My area of interest concerns the role of biological rhythms in plants, specifically the identification and characterisation of microbial effectors interfering with the plant circadian rhythm.

Infection of economically important crops by rapidly evolving pathogenic bacteria poses an on-going threat to food security, often causing substantial loss to crop yields. The delivery of virulence factors from certain pathogens to the host via Type III Secretion systems can enable key components of the plant’s immune system to be targeted using a range of effector proteins. These effectors are crucial to pathogens whose presence cannot be overlooked by the host.
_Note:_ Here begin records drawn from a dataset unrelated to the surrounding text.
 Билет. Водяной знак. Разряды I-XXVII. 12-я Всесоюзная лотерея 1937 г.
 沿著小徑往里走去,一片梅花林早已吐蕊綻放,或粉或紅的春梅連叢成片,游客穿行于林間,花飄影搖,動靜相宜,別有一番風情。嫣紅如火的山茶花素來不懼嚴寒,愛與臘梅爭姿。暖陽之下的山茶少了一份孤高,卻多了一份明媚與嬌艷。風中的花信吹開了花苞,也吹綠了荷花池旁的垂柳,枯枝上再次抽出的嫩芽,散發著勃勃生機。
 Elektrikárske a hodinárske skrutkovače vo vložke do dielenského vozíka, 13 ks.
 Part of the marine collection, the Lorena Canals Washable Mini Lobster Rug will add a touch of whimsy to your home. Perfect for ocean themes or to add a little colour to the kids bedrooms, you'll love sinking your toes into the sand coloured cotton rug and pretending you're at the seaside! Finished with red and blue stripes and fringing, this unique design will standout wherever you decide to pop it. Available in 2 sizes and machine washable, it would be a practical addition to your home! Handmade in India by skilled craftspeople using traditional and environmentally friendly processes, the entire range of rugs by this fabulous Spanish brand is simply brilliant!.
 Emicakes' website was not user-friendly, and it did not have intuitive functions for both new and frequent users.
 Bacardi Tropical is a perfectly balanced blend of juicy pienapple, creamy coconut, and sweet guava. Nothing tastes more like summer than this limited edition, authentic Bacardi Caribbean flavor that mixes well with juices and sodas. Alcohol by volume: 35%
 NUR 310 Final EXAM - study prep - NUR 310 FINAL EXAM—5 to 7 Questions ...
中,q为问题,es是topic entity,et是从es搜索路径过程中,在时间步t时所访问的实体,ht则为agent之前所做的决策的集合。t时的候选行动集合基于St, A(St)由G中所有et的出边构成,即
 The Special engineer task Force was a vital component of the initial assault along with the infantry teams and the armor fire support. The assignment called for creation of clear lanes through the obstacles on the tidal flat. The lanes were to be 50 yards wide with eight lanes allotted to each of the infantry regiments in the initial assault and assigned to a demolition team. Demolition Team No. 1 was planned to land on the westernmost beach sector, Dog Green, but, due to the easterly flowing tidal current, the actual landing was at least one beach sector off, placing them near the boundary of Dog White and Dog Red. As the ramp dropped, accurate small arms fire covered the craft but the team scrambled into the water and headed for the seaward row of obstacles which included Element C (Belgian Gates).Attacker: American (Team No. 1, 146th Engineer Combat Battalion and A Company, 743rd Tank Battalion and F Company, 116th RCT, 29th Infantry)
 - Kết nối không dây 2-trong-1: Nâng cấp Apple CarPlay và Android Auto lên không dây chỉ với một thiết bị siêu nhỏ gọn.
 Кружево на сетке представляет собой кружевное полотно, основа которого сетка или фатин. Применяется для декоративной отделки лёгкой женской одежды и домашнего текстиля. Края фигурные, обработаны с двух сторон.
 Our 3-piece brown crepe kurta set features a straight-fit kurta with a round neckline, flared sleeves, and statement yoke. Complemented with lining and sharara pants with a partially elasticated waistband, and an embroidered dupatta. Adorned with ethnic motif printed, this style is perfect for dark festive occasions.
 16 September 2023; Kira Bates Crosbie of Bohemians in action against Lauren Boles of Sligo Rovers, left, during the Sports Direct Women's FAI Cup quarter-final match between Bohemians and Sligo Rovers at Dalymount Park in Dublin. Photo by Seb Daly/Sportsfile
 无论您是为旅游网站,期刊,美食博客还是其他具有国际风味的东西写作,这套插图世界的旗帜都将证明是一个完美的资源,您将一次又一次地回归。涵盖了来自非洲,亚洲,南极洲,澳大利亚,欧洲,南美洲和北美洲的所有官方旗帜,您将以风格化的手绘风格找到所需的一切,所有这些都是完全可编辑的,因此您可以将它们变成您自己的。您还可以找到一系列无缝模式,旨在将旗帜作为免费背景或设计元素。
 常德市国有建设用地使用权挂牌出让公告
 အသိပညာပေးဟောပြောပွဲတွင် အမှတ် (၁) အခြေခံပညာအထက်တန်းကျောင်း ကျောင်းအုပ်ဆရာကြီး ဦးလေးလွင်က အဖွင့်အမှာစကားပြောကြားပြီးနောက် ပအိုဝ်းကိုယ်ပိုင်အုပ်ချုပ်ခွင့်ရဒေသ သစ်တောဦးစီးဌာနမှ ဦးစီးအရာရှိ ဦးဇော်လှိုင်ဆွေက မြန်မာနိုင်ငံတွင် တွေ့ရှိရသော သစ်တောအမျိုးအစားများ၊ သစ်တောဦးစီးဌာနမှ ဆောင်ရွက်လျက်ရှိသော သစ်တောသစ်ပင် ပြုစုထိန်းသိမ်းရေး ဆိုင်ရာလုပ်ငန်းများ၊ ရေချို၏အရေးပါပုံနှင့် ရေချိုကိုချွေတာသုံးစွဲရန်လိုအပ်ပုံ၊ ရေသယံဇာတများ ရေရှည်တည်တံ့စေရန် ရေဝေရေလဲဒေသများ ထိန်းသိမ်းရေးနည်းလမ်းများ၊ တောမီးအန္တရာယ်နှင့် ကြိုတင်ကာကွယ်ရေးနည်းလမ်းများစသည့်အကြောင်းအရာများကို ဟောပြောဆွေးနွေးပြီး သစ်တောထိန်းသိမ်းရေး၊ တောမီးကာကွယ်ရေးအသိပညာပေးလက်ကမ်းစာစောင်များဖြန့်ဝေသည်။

Subsequently, plants have evolved a number of receptors capable of recognising these effectors, leading to an evolutionary arms race between pathogen and host [1]. One mediator of the Arabidopsis defence response is the circadian clock, which regulates the expression levels of immune receptors in a temporal fashion, as well as stomatal aperture, which has recently been proven as an active way for the innate immune system to limit bacterial entry[2][3]. Such rhythmicity enables organisms to maximise efficiency through synchronisation with their environment. The plant’s circadian oscillator is therefore a likely target for bacterial effectors.

The aim of this project is to identify Pseudomonas syringae effectors that are targeting the Arabidopsis circadian clock, and characterise the molecular mechanisms underlying their virulence. It is our hope that characterisation of the mechanism employed by these effectors will permit the engineering of more disease resistant crops, as well as generate synthetic tools that can be used to manipulate the clock to the advantage of plant fitness.


[1] Büttner, D. et al., 2016. Behind the lines-actions of bacterial type III effector proteins in plant cells. FEMS microbiology reviews, 103(1), pp.60–69.
[2] Zhang, C. et al., 2013. Crosstalk between the Circadian Clock and Innate Immunity in Arabidopsis F. M. Ausubel, ed. PLoS Pathogens, 9(6), p.e1003370.
[3] Wang, W. et al., 2011. Timing of plant immune responses by a central circadian regulator. Nature, 470(7332), pp.110–114.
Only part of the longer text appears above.